Now.. Small ring... I use that for longer and tougher climbs. While I have the same exact gear ratio in my middle ring 32/34 = 22/23 the middle ring combo leaves me no place to drop a gear. The reason is the front derailuer works very poorly shifting under load. The rear does not work well under load either, but a slight pause and it will shift. The front will drag for 4-5 crank rotations and may never shift. So if I am on a long steep grinder of a climb I will use the small ring and smaller cog. So for example

32/34 = Middle ring / 9 cog = So nowhere to go for more gearing other than big ring

22/23 = small ring / 6 cog = I still have 3 more cogs in the rear to lower down to in case I need them at an easy turn.

Once I finish the climb and start the descent I will change from the small ring to the middle ring bring the ratios up quickly for the higher speed stuff.

The hardest parts are quick dips where the trail goes from descent to very steep up. If the path is smooth you can attempt to roll the up with momentum. Take the drop fast and hope you have enough speed to pull you most of the way up the hill in big gear (higher speed). You may need to stand and mash completed it. Or when it is really hard there might be turn at the bottom killing all your momentum. In these cases you need drop gears early and may over spin some parts have enough to make it over the top. I have also down shifted cogs in the back and pedaled a few turns while riding the brakes just to change gears to be ready for the climb out. If you need to put power down you rather not be having the derailuers trying to change gears as that increases the risk of breaking stuff. You want to already be in the right gear.
 
The hardest parts are quick dips where the trail goes from descent to very steep up. If the path is smooth you can attempt to roll the up with momentum. Take the drop fast and hope you have enough speed to pull you most of the way up the hill in big gear (higher speed). You may need to stand and mash completed it. Or when it is really hard there might be turn at the bottom killing all your momentum. In these cases you need drop gears early and may over spin some parts have enough to make it over the top. I have also down shifted cogs in the back and pedaled a few turns while riding the brakes just to change gears to be ready for the climb out. If you need to put power down you rather not be having the derailuers trying to change gears as that increases the risk of breaking stuff. You want to already be in the right gear.
Great info in this thread. This last one in particular is interesting because one of the local trails I ride is exactly as this. I practically need to spin on the steep and pretty short uphills and then don't really have time to switch gears going down, but had I I might have been able to make it up the other hill.

Either way I have yet to find a way to make it completely smooth lol.
 
I was wondering if there are particular situations when you're better off switching the front or rear gears to change speed?
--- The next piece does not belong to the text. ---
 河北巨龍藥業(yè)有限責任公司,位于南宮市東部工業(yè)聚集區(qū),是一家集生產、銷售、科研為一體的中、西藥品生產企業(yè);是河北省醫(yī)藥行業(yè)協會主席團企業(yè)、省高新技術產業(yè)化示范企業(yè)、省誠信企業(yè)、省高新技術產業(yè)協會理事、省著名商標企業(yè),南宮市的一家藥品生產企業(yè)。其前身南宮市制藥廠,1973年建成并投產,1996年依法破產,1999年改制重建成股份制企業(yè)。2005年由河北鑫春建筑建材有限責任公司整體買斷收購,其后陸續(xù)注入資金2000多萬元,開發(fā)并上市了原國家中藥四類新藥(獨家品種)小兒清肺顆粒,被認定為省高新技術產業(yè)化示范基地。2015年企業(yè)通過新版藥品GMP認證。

I normally change the front gear speed when I want a big speed change rapidly such as if I'm on flat pavement and a sudden steep hill appears, and change the rear gear for more subtle changes like a slight change in the path's inclination.

Am I using them right?

Thanks
Yup Pretty close shifting the front ring early to get into the right range...then trimming with the RD...
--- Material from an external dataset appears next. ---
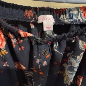 Xhilaration Navy Floral Off the Shoulder Top Size Large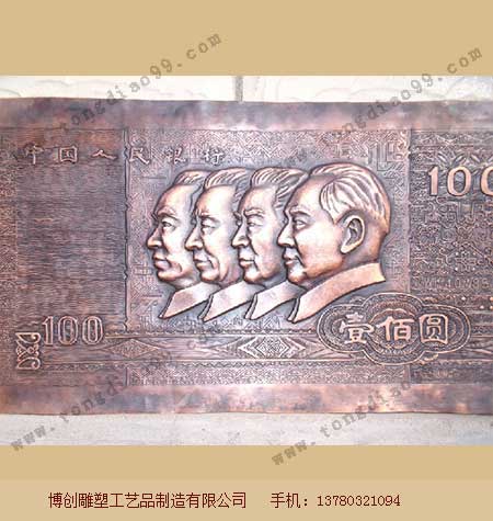 在中國錢幣博物館陳列出來的五套人民幣中,與后四套不同的是,第一套人民幣上“中國人民銀行”六個字的排列為自右向左,而1952年毛主席審閱票版時,提出人民幣行名排列應由左向右,所以自1953年起,人民幣上“中國人民銀行”的排列一律改為由左向右了。您看到的圖為博創(chuàng)銅雕公司鑄造的人民幣銅浮雕,處處體現出博創(chuàng)銅浮雕的精湛之處。我公司是多年的銅浮雕公司,對于鑄造銅浮雕有著相當豐富的經驗。

Of course on the other hand...

if you have a steep short gully to deal with...

I put it in the big ring and small on the rear and blast down has fast as I can...then on the up hill I grab a handful of RD to get to lower and lower gears...
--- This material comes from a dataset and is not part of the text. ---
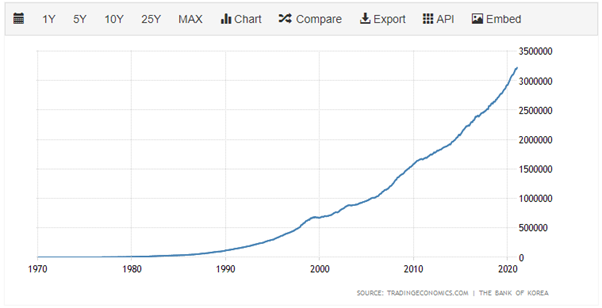 한국의 경우 M2 상황이 어떤지 확인해보면 아직까지는 무난?하게 10년마다 2배정도의 성장을 보이고 있다. 크게 걱정되는 point는 과연 한국은 이러한 상황에 무슨 대비를 하고 있을지이다. 한국은 미국과 다른 큰 차이점은 가구당 자산에서 부동산이 차지하는 비율이다. 2020년 자료지만 확인해보면 전체 자산에서 76%를 차지하고 있다. 이런경우에 돈을 찍어낸다면 자연스럽게 그 돈은 부동산으로 흘러가게 되는데, 안그래도 지난 몇 년간 부동산 가격이 계속 폭등하는 중이라 유주택자 무주택자의 갈등도 점점 커지는 중이다. 이제 한국 사람들도 집가진게 좋다는 인식이 널리 퍼졌기 때문에 임대를 공급하겠다는 정당이 표를 얼마나 받을지도 주목해봐야된다.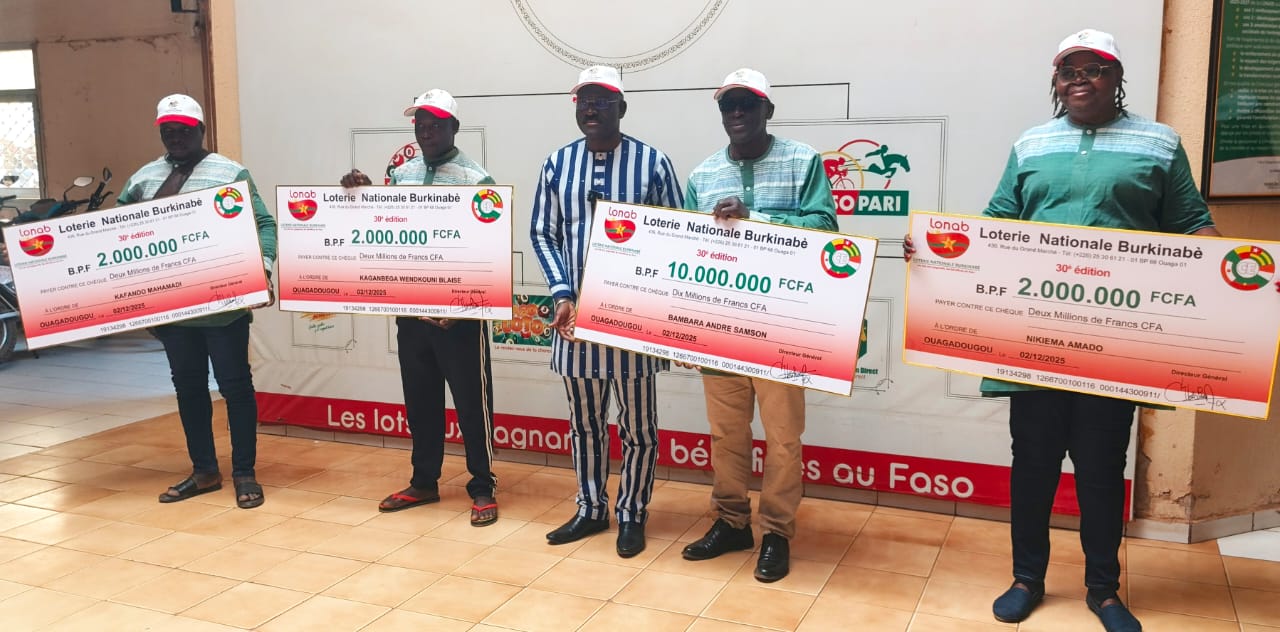Selon le Directeur général de la LONAB, Ibrahim Ben Harouna Zarani, ces quatre participants ont décroché ensemble la somme de 16 millions F CFA, représentant le deuxième gros lot du tirage, suite à une mise de 500 F CFA chacun. Le premier lot, d’un montant de 20 millions FCFA, a été remporté par des joueurs de la Côte d’Ivoire.

No time to reliabley shift the front...Anyway I end up cross chained and able to clean the section....most I ride with can't get it clean, cause they either drop the chain trying to get into a lower front ring....or havn't blasted down fast enough to get up the other side.
 
Instead of focusing on putting power down between the ups and downs, shift into second and focus on lowering your center of gravity and picking the right line. You can start at a higher gear in the rear if you'd like, just be careful about peeling off gears. The only time I hammer a downhill in third is if it's a non-technical section and I know the next hill is short and steep. If you do that, attack early and mash the pedals. Select the right gear in the back and peel off as you get closer to cresting the hill and lose momentum.